The instruction set is minimal by design. There's add, sub, or, xor, and, and the shift trio (sll, srl, sra). Branches cover beq, bne, blt, and bltu. Jumps are done through the I-type jmp which writes the return address into rd and jumps to ra + imm, which covers both calls and computed branches in one instruction.

A function call looks like this:

jmp ra, zero, target    ; ra = return address, jump to target
jmp zero, ra, 0         ; return: jump to address in ra

Clean, explicit, and compiler-friendly.

Extensions

The base ISA is intentionally small. Two optional extensions cover the features that most programs need but that I didn't want to bake into the core:

M Extension — integer multiply and divide. mul, mulh, div, divu, rem, remu and their immediate variants. mulh produces the upper 64 bits of a 128-bit product using __int128_t. The assembler detects M extension instructions automatically and sets the appropriate flag in the binary header.

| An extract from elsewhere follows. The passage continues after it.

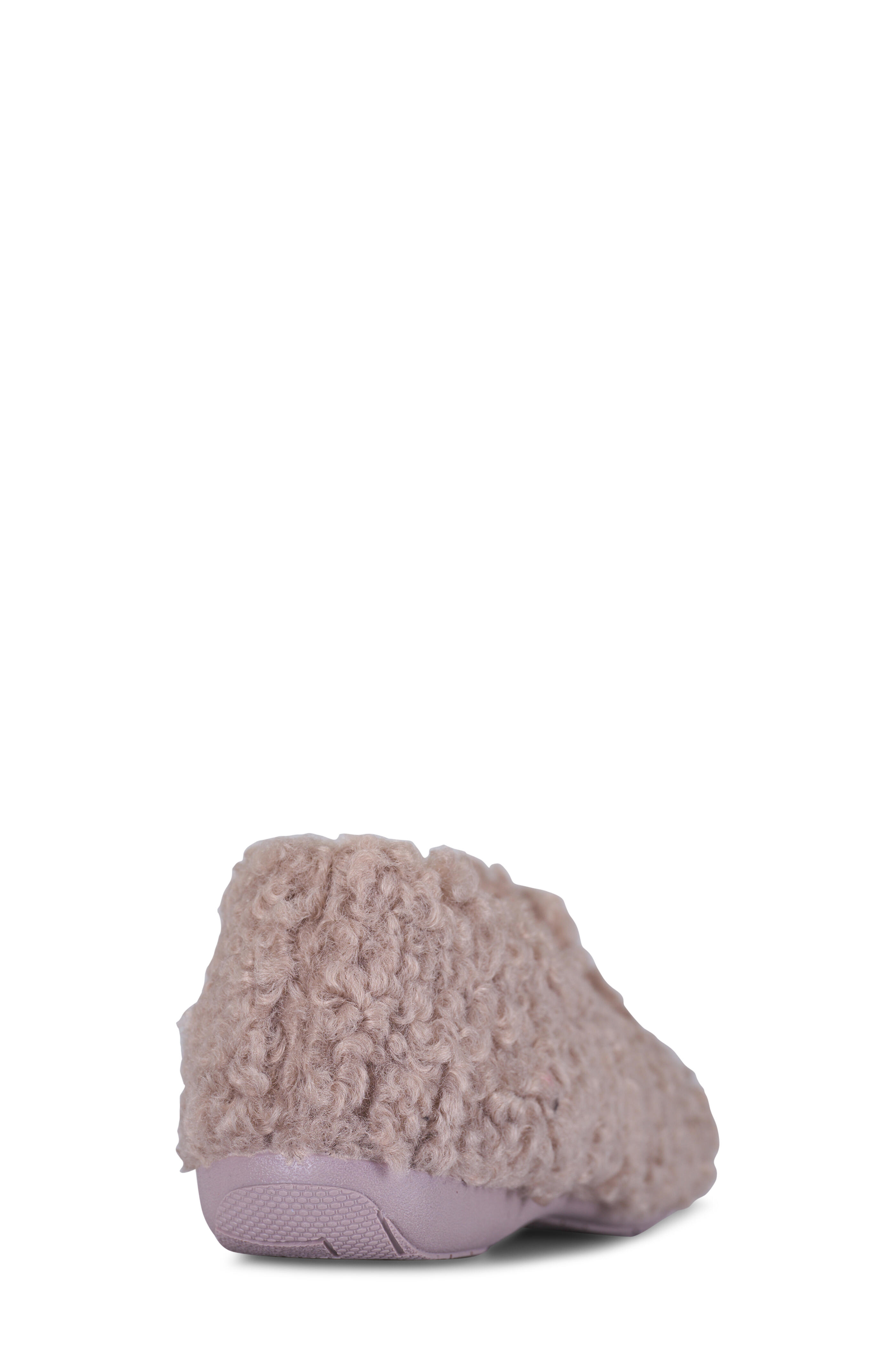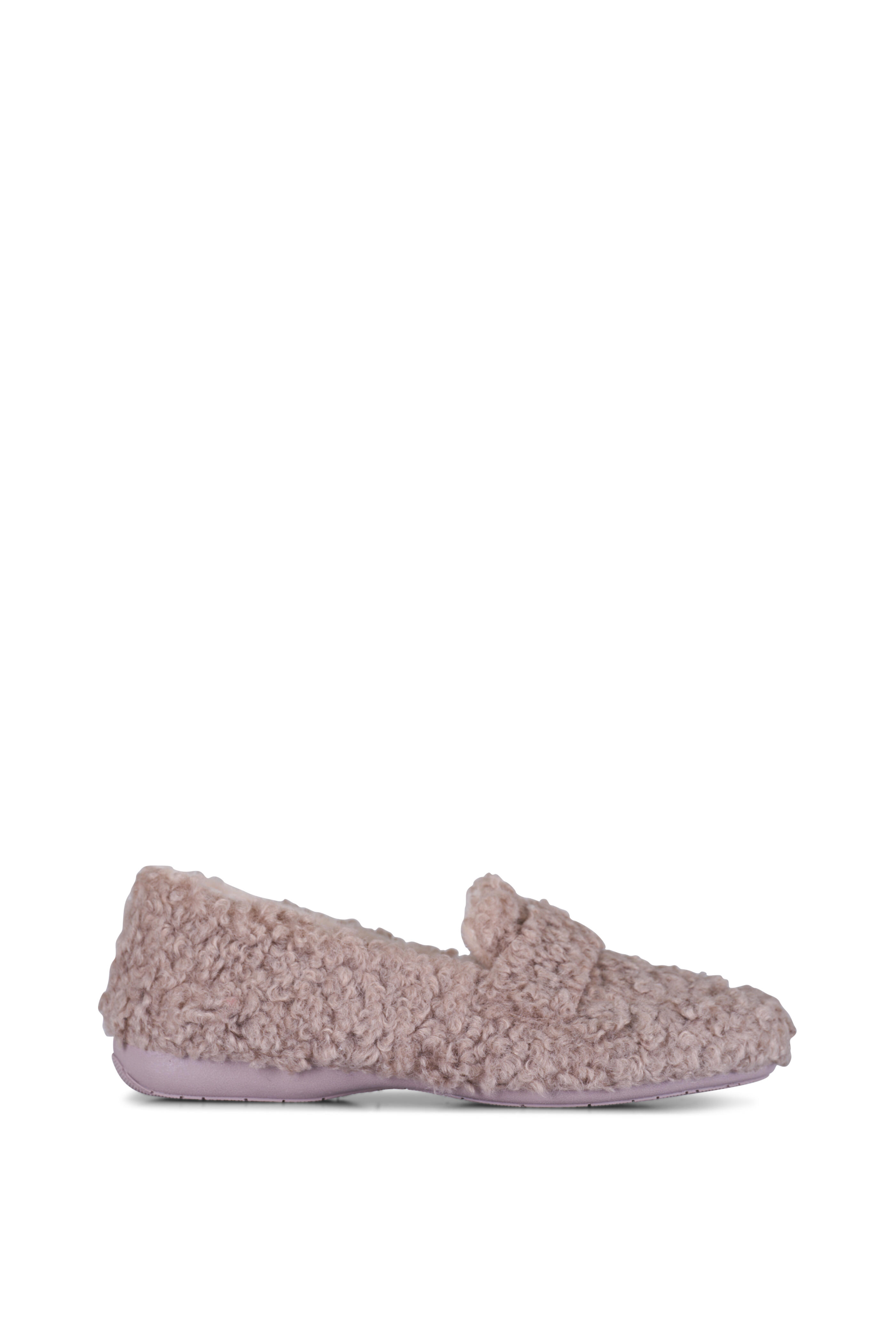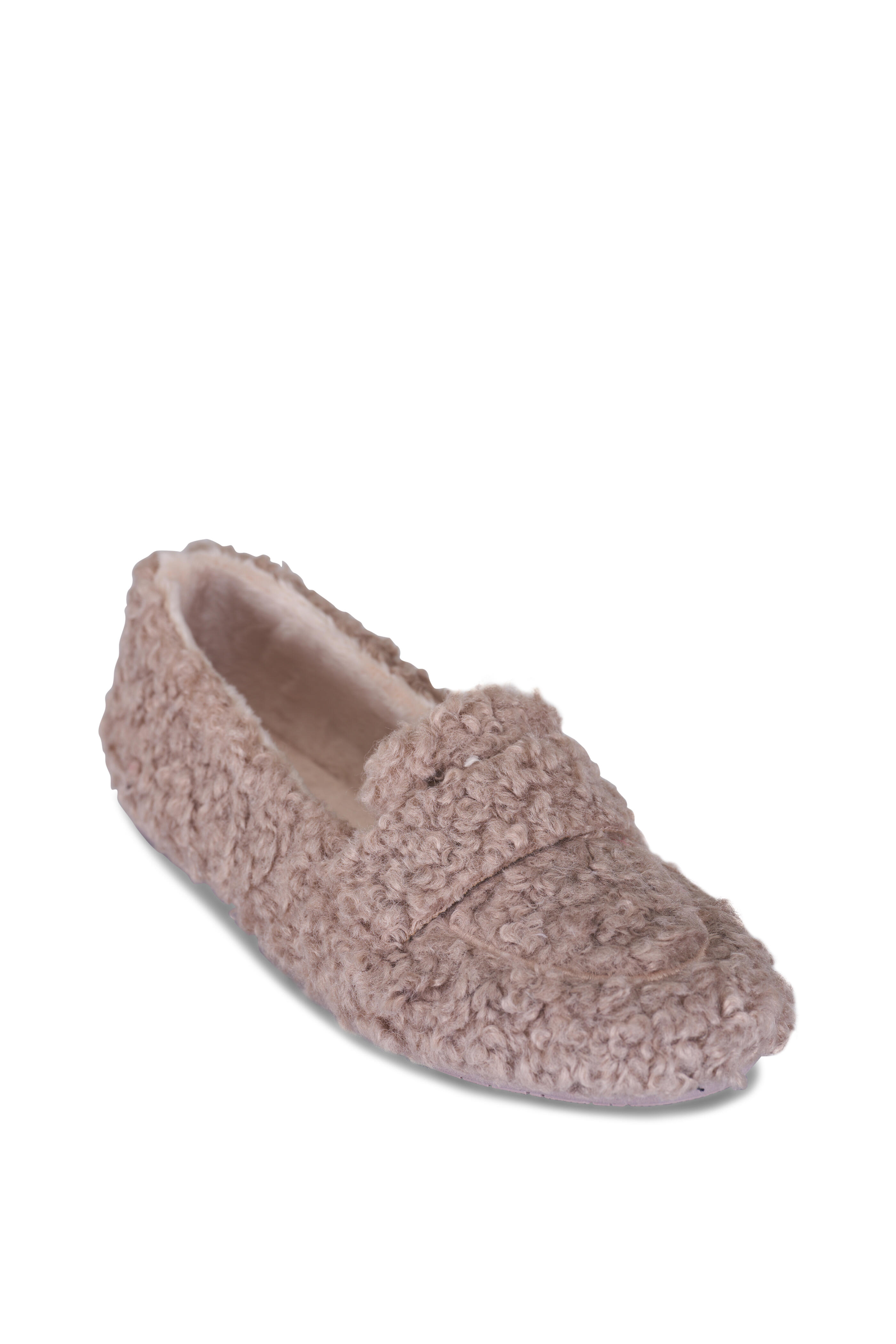Wool boucle upper. Slip on style. Plush lining; pillow cushioning. Anti-slip rubber sole. Made in Italy. Runs small, size up.

F Extension — 64-bit IEEE 754 floating point. Rather than a separate register file, float instructions reinterpret the same 64-bit registers as doubles. Float immediates in instructions are 32-bit single-precision values widened at execution; full 64-bit doubles are available by loading from the .data section. The extension adds arithmetic (fadd, fsub, fmul, fdiv, fsqrt, fabs, fneg), conversion (ftoi, ftoui, itof, uitof), and float branches (fblt, fble, fbgt, fbge).

The Binary Format

Cortex-VM binaries have a 5-word header in big-endian 64-bit words:

  • Word 0: Magic number (0x2E3A434F52540001 — ".:CORT" + version 1)
  • Word 1: File length in words
  • Word 2: Entry point (word index of main:)
  • Word 3: Extension flags (bitmask for EXT_FLOAT and EXT_M)
  • Word 4: Data offset (absolute word index of first .data word, or 0)

The body is instructions followed by an optional .data section. Data words live in the code arena right after the last instruction, which means loading a string or constant is just a lw with a label address — no separate segment to manage.

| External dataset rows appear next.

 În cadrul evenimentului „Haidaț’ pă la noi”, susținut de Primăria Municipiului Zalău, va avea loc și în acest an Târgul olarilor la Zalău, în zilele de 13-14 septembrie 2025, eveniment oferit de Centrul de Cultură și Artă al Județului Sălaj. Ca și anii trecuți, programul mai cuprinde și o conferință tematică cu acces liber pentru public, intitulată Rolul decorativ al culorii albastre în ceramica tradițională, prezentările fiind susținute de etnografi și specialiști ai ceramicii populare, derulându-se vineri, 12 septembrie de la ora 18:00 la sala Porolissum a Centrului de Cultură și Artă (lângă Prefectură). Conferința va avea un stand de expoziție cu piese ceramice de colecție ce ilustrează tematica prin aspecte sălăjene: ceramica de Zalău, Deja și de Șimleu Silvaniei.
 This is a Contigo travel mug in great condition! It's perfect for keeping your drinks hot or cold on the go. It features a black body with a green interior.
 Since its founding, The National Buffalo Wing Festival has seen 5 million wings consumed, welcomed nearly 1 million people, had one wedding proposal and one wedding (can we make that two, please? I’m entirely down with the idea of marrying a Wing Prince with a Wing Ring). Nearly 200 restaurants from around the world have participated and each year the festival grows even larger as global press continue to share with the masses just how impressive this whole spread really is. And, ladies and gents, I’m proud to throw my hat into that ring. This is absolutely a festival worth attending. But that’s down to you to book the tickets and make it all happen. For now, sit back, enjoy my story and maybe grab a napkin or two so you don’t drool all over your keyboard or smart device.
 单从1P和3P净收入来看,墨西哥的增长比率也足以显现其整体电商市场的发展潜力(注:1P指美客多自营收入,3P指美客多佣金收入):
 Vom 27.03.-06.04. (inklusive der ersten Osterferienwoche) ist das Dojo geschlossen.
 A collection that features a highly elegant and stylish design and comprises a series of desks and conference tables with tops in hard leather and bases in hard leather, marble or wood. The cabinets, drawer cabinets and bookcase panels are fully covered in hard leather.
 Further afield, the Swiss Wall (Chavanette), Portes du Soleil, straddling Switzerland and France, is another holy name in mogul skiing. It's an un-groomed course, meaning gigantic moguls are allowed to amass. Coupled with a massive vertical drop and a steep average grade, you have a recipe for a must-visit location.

The Assembler and Disassembler

The assembler is a single-pass design with a two-pass label resolution step to handle forward references. It supports decimal, hex (0xFF), binary (0b1010), octal (0o17), and character literals ('A', '\n'). The .data section accepts strings (null-terminated, one character per word), integers, and 64-bit float literals.

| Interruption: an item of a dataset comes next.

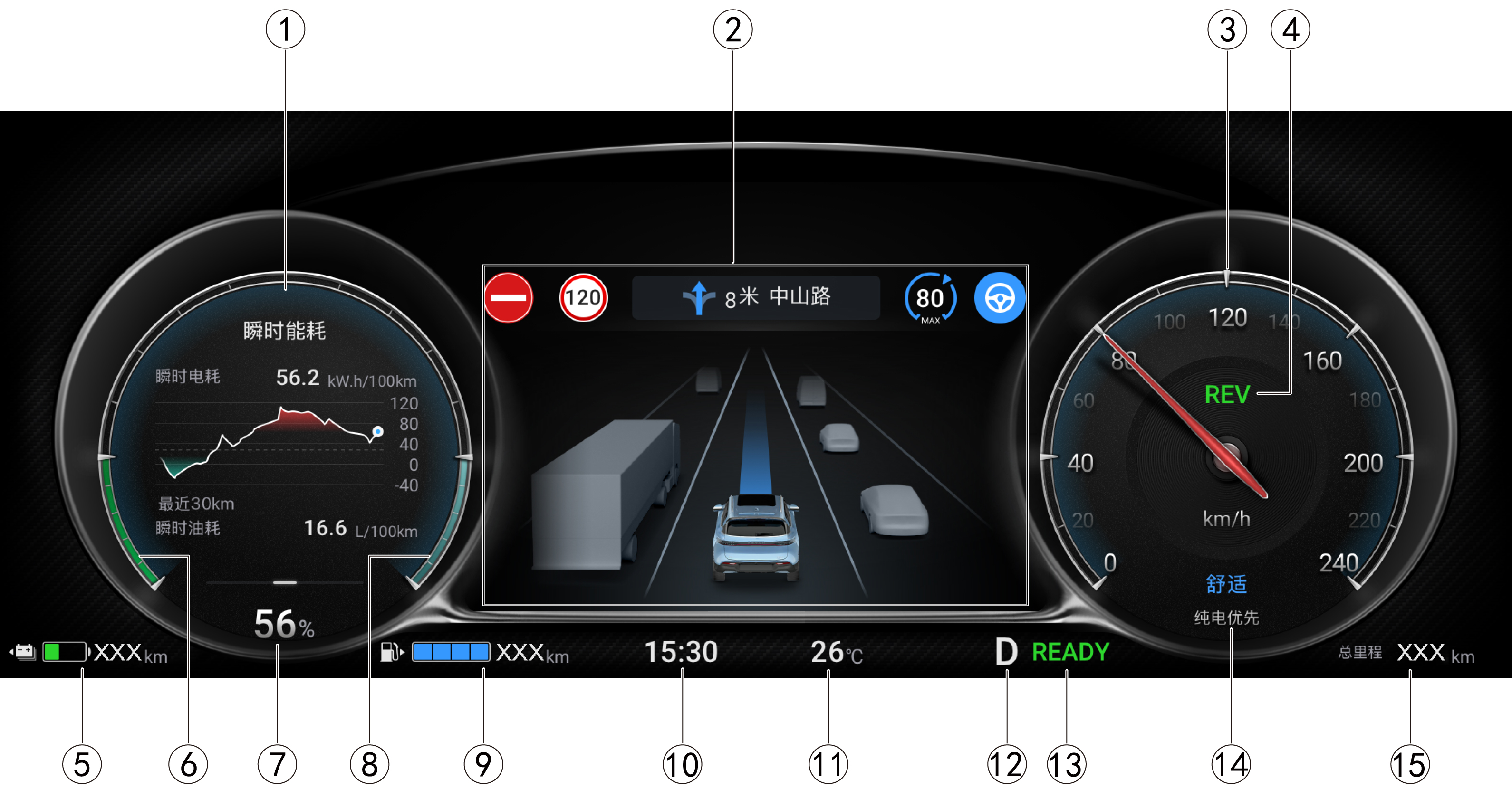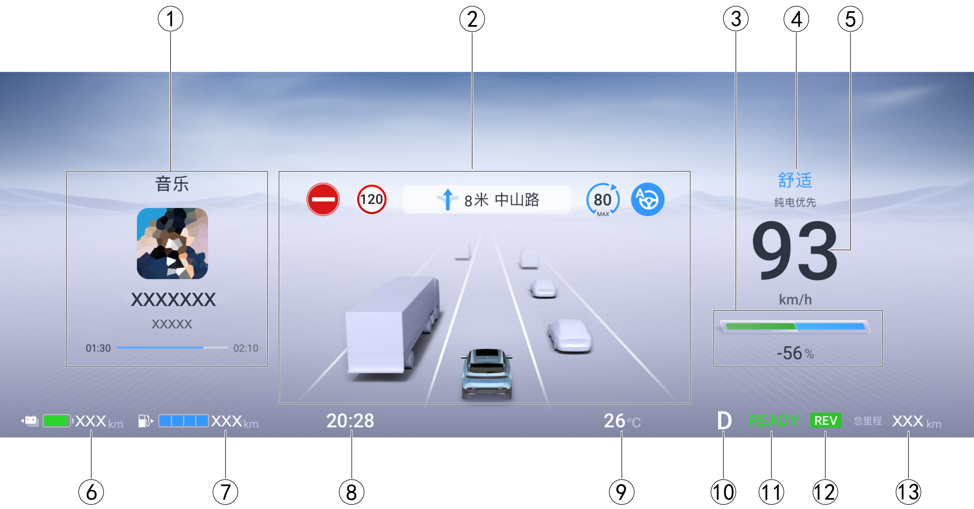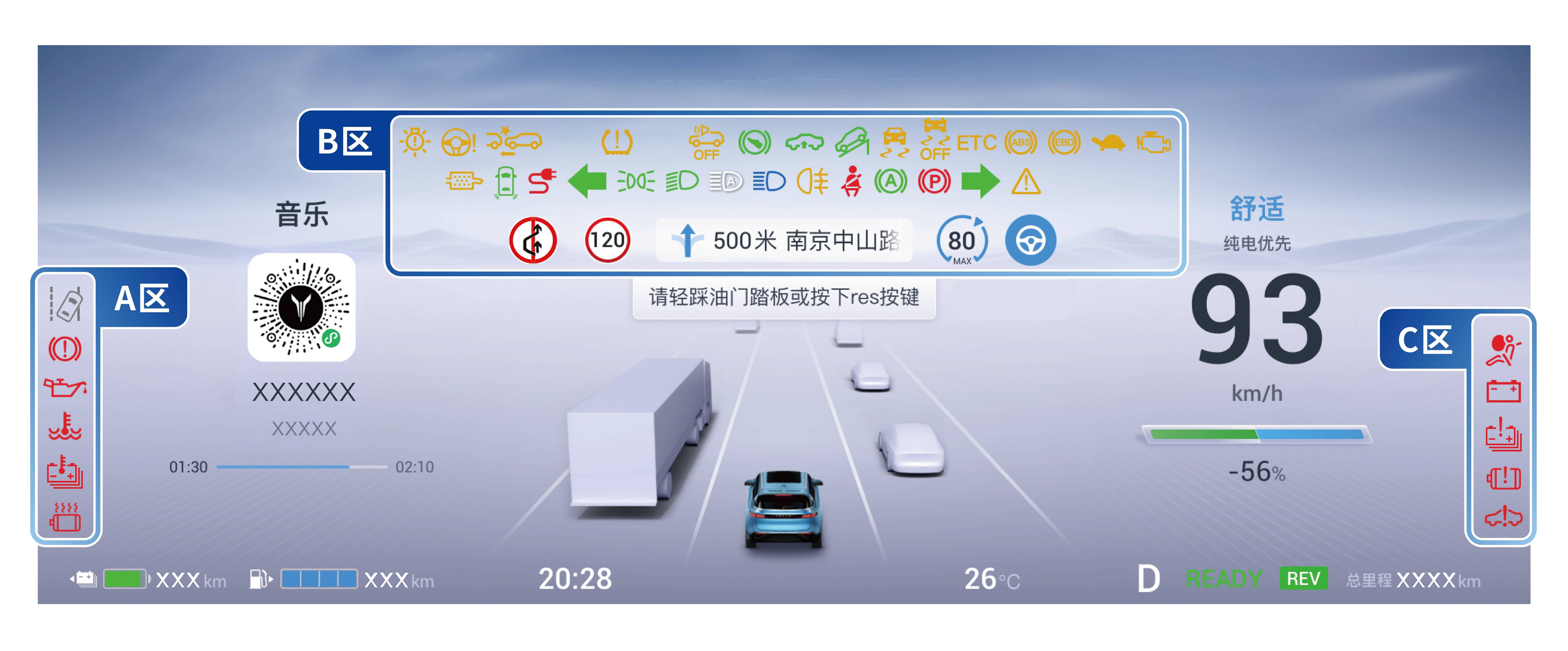 - 当切换驾驶模式时,组合仪表根据不同的驾驶模式显示不同颜色。

The disassembler is a full round-trip tool: given any Cortex-VM binary, it produces an assembly source file that re-assembles to a functionally equivalent binary. It detects null-terminated printable-ASCII sequences in the data section and emits them as quoted strings with proper escape sequences.

I run 42 pytest tests that specifically verify disassembler round-trip fidelity — assemble a program, disassemble the binary, re-assemble, and compare execution output.

Syscall Interface

Rather than a full OS, the VM provides a syscall table for the things programs usually need: printing and reading integers, floats, strings, and characters; file open/read/write/close; seeded PRNG; and millisecond-precision time. The interface is simple: put the syscall number in a13, arguments in a0a12, and execute syscall.

Performance

At -O3 -march=native on modern hardware with GCC-15, Cortex-VM runs around 400 million instructions per second — roughly comparable to a Lua interpreter. That's exactly the expected throughput for a dispatch-loop interpreter and more than fast enough to be a practical compiler target for a toy language.

Library API

One design goal I'm glad I committed to early: Cortex-VM builds as a static library (libcortex-vm.a) with a simple three-function API:

uint64_t *cortexAssemble(const char *source, const char *outputPath);
int cortexExecSource(const char *source);
int cortexExecBinary(const uint64_t *binary, size_t wordCount);

This means the compiler can call cortexExecSource to run code immediately, or use cortexAssemble to build a binary once and run it many times. Keeping the VM embeddable from the start avoids a painful refactor later.

Where It Goes Next

Cortex-VM is now at v0.5.0 with 201 passing tests across all instruction types, extensions, syscalls, memory operations, and the disassembler. The immediate goal is to build the language frontend on top of it — a compiler that targets Cortex-VM as its backend, replacing the earlier prototype work. The flat calling convention and predictable word-addressed memory model were designed with that compiler in mind from the start, so the next step feels like snapping two purpose-built pieces together.

The VM itself still has room to grow: heap allocation support (the address space is already reserved), more syscalls, and eventually a bytecode optimization pass. But the core is solid, the spec is written, and the test suite keeps it honest.